### [What is being asked]
Where the line containing "В этой статье" appears below, begin there and reproduce each line exactly through the last one, omitting pictures.

### [Excerpted data]

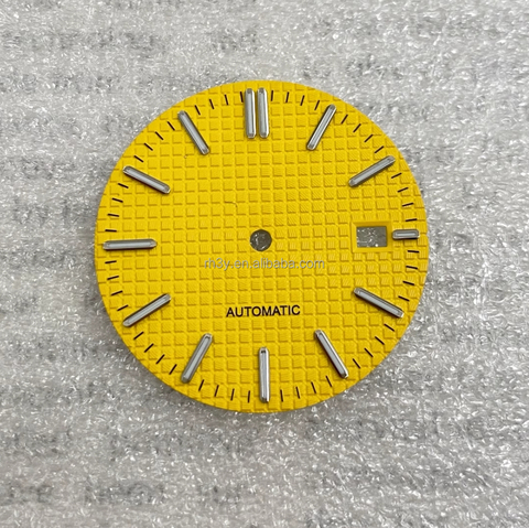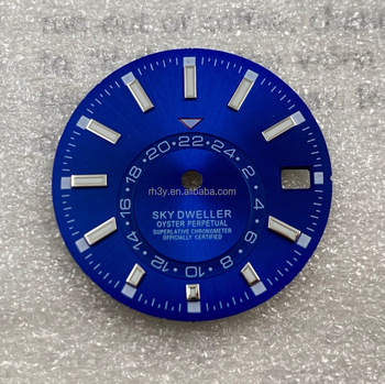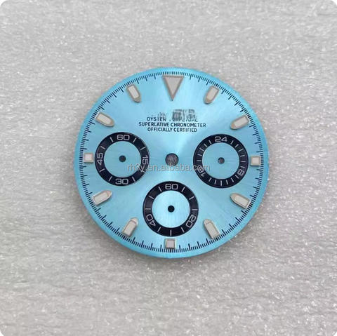 Esfera metálica luminosa azul Sunburst de 29mm, reloj mecánico NH35, piezas de productos sin texto
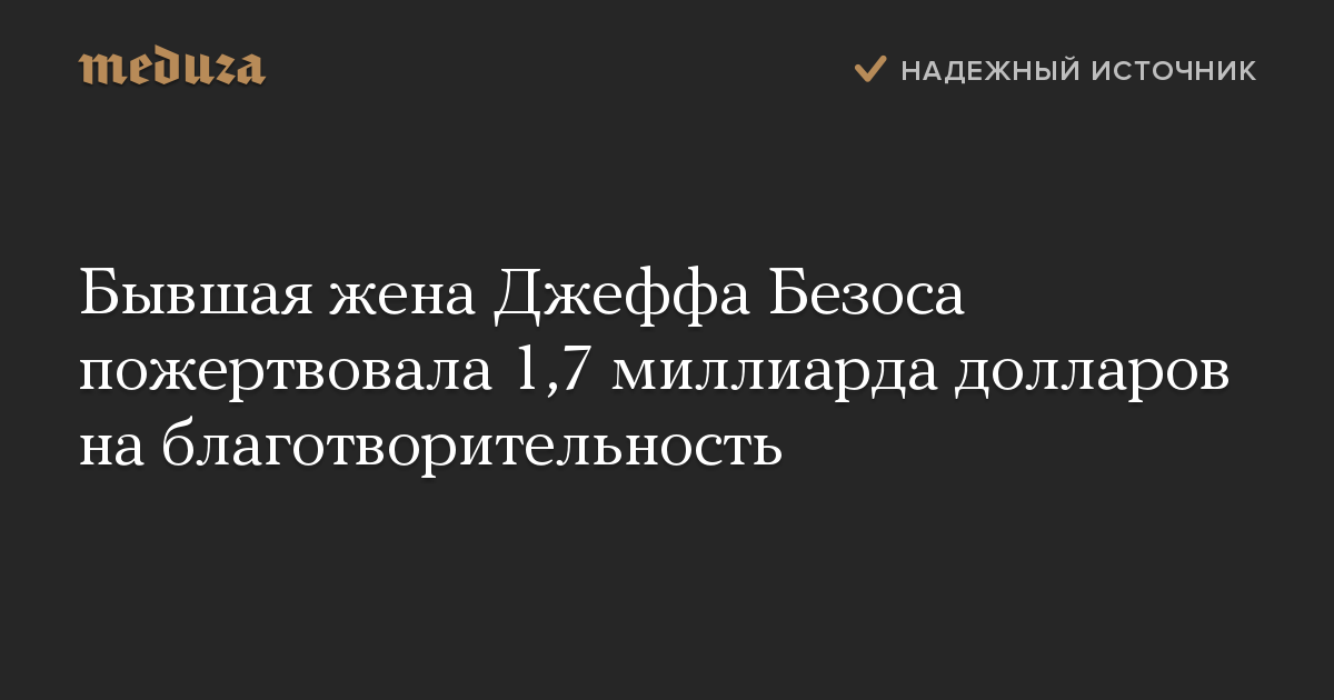 Бывшая жена Джеффа Безоса пожертвовала 1,7 миллиарда долларов на благотворительность
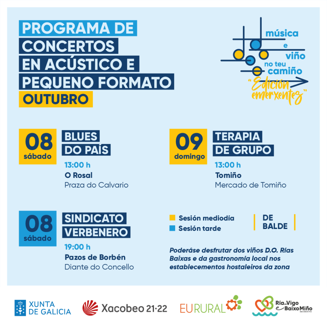 Este sábado 8 de outubro Blues do país estará na Feira do Viño do Rosal e Sindicato Verbenero diante da Casa do Concello de Pazos. O domingo será a quenda de Terapia de Grupo, que actuará no mercado tomiñés
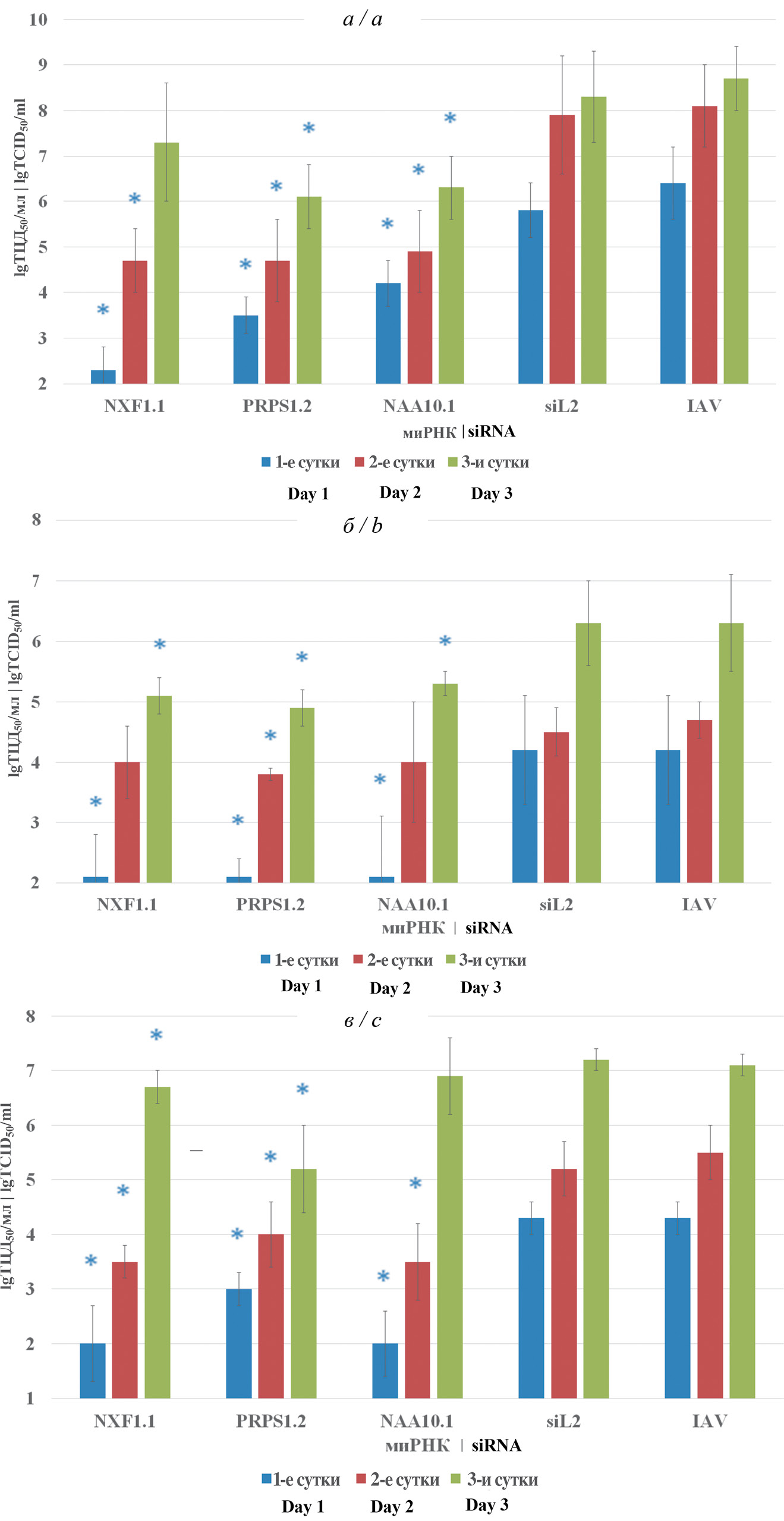 а ‒ A/California/7/09 (H1N1); б ‒ A/Brisbane/59/07 (H1N1); в ‒ A/WSN/1933 (H1N1). По оси абсцисс ‒ миРНК и их одноименные целевые клеточные гены; по оси ординат ‒ показатель вирусного титра lg ТЦД50/мл относительно вирусного и неспецифического контроля. * ‒ р < 0,05 относительно неспецифического контроля siL2.
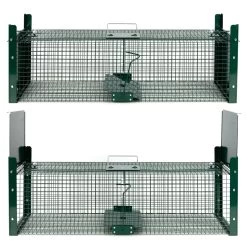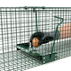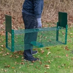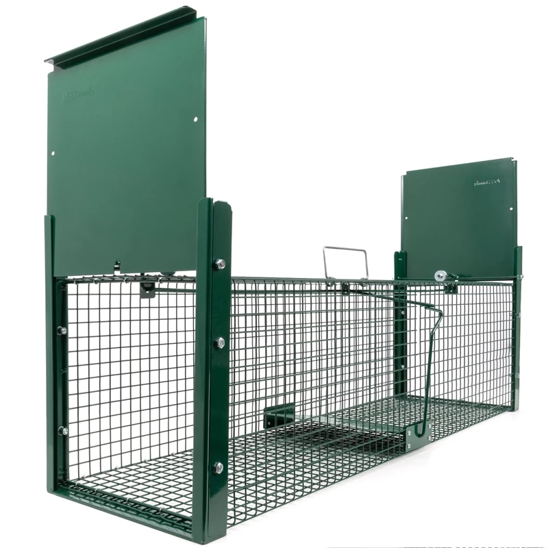 Die Lebendfalle verfügt über 2 ausbruchssichere und schnell schließende Falltüren. Die Türen haben eine Aushebelschutz-Verriegelung, sodass es dem gefangenen Tier unmöglich ist, die Falltüren von innen anzuheben. Die Tierfalle ist aus starkem Drahtgeflecht gefertigt, was sie besonders stabil und robust macht. Zum Transport der Falle befindet sich an der Oberseite ein Tragegriff. Unter dem Griff ist eine Platte befestigt, die Sie vor Beiß- und Kratzattacken schützt. Sie können die Lebendtierfalle sowohl draußen als auch drinnen einsetzen.
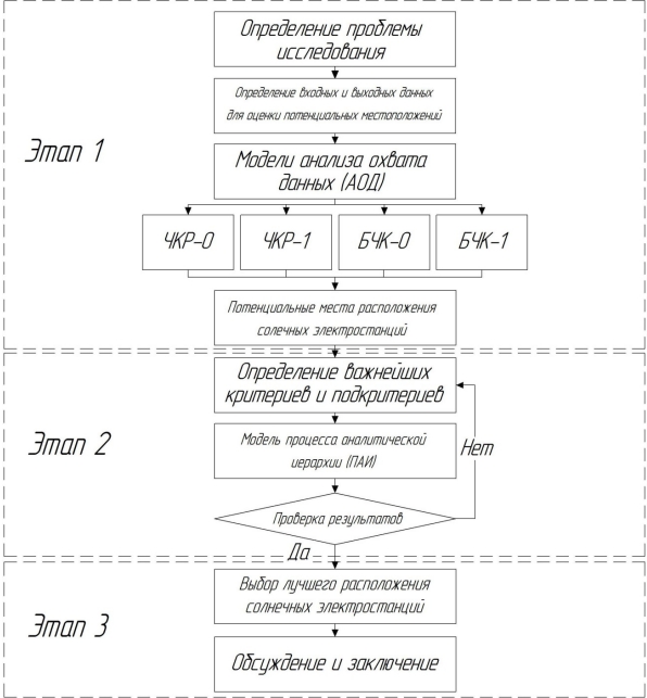 В этой статье предлагается комбинированный подход АОД и ПАИ для оценки солнечных ресурсов с учетом различных качественных и количественных факторов. Для демонстрации эффективности модели используется тематическое исследование солнечной энергетики Европейской части России. Результаты этого исследования могут стать важным материалом для заинтересованных сторон в области возобновляемых источников энергии для ускорения их развития в свете быстрого технического прогресса, национальных обязательств по охране окружающей среды и целей устойчивого развития. Поскольку инструменты, использованные в исследовании, могут быть применены в любой точке мира, это исследование может стать полезным руководством для других исследователей, правительств или частных инвесторов.
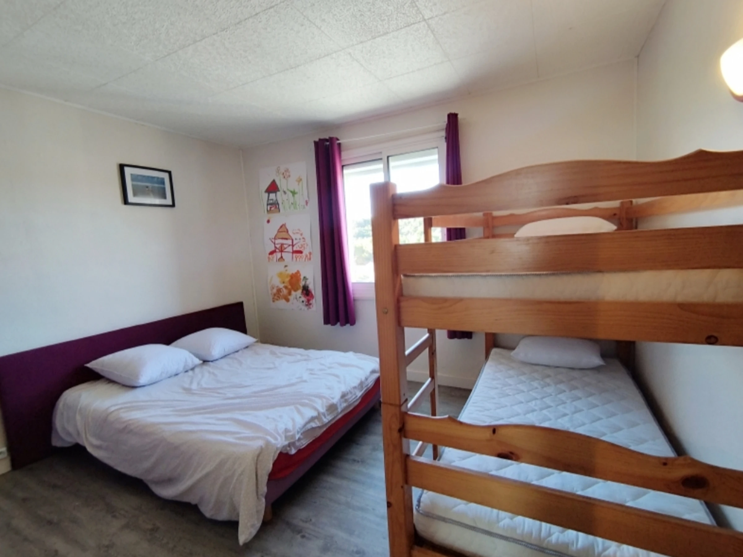 1 Chambre : 1 lit en 140 & 2 lits superposés en 90 pour enfants (vue sur l'étang des Exals).
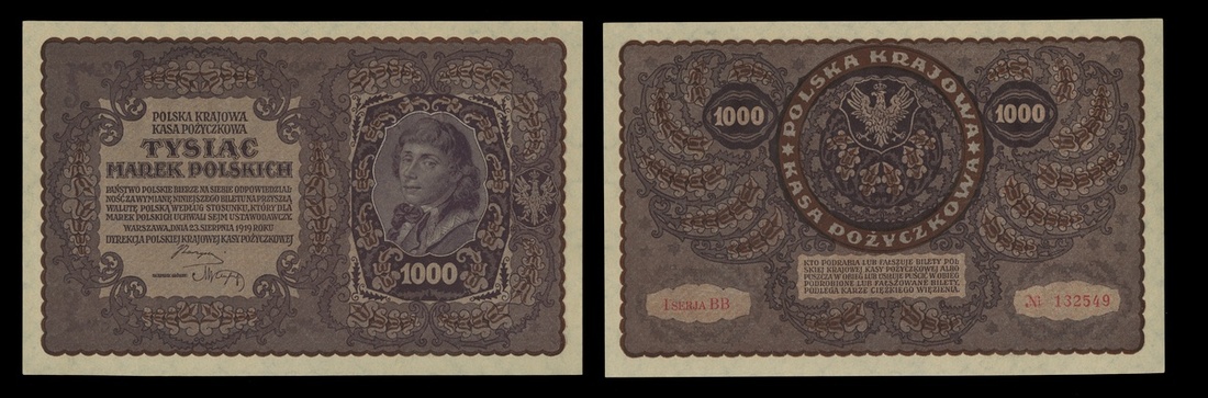Poland. Polska Krajowa Kasa Pozyczkowa. 1000 Marek. 1919. P-29. Kosciusko portrait at right. Uncirculated.
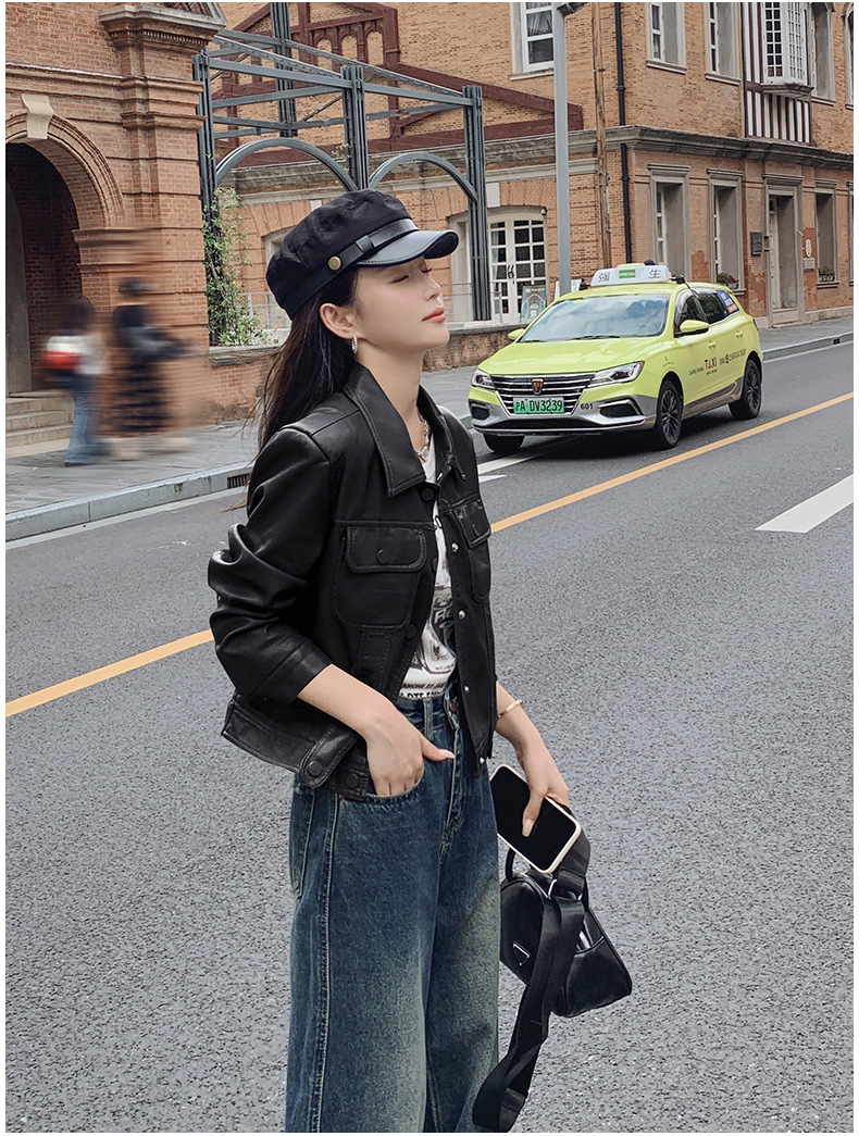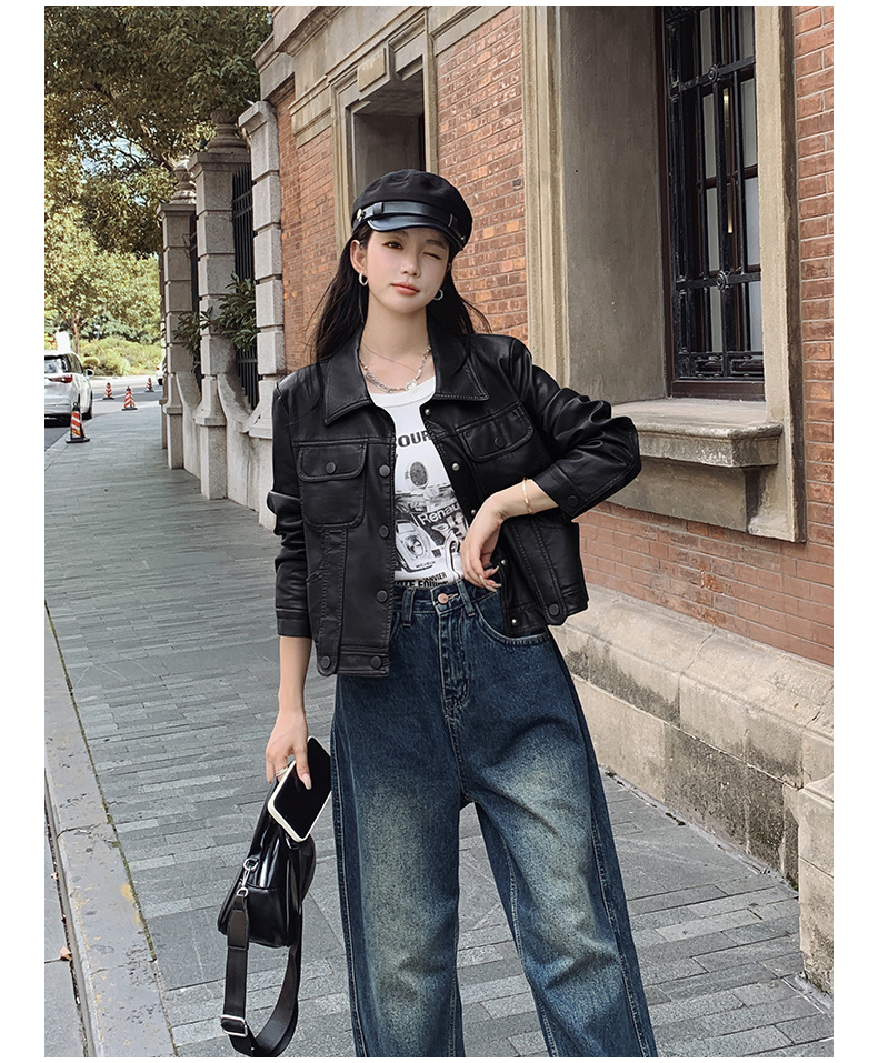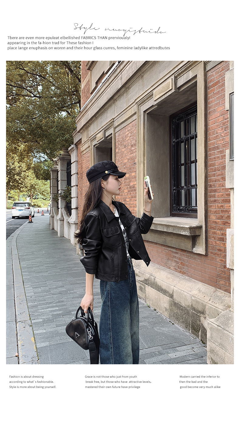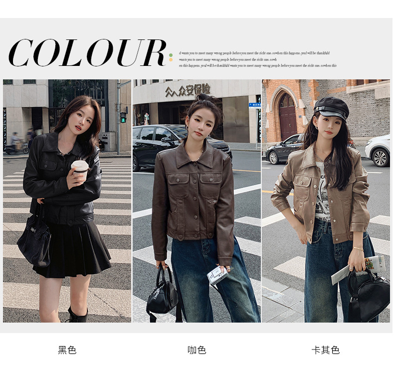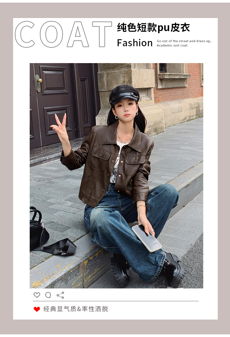 여성을위한 갈색 짧은 가죽 자켓 가을 2025 새로운 홍콩 스타일 복고풍 스트리트 pu 가죽 자켓 메일 라드 착용

### [Solution]
 В этой статье предлагается комбинированный подход АОД и ПАИ для оценки солнечных ресурсов с учетом различных качественных и количественных факторов. Для демонстрации эффективности модели используется тематическое исследование солнечной энергетики Европейской части России. Результаты этого исследования могут стать важным материалом для заинтересованных сторон в области возобновляемых источников энергии для ускорения их развития в свете быстрого технического прогресса, национальных обязательств по охране окружающей среды и целей устойчивого развития. Поскольку инструменты, использованные в исследовании, могут быть применены в любой точке мира, это исследование может стать полезным руководством для других исследователей, правительств или частных инвесторов.
 1 Chambre : 1 lit en 140 & 2 lits superposés en 90 pour enfants (vue sur l'étang des Exals).
Poland. Polska Krajowa Kasa Pozyczkowa. 1000 Marek. 1919. P-29. Kosciusko portrait at right. Uncirculated.
 여성을위한 갈색 짧은 가죽 자켓 가을 2025 새로운 홍콩 스타일 복고풍 스트리트 pu 가죽 자켓 메일 라드 착용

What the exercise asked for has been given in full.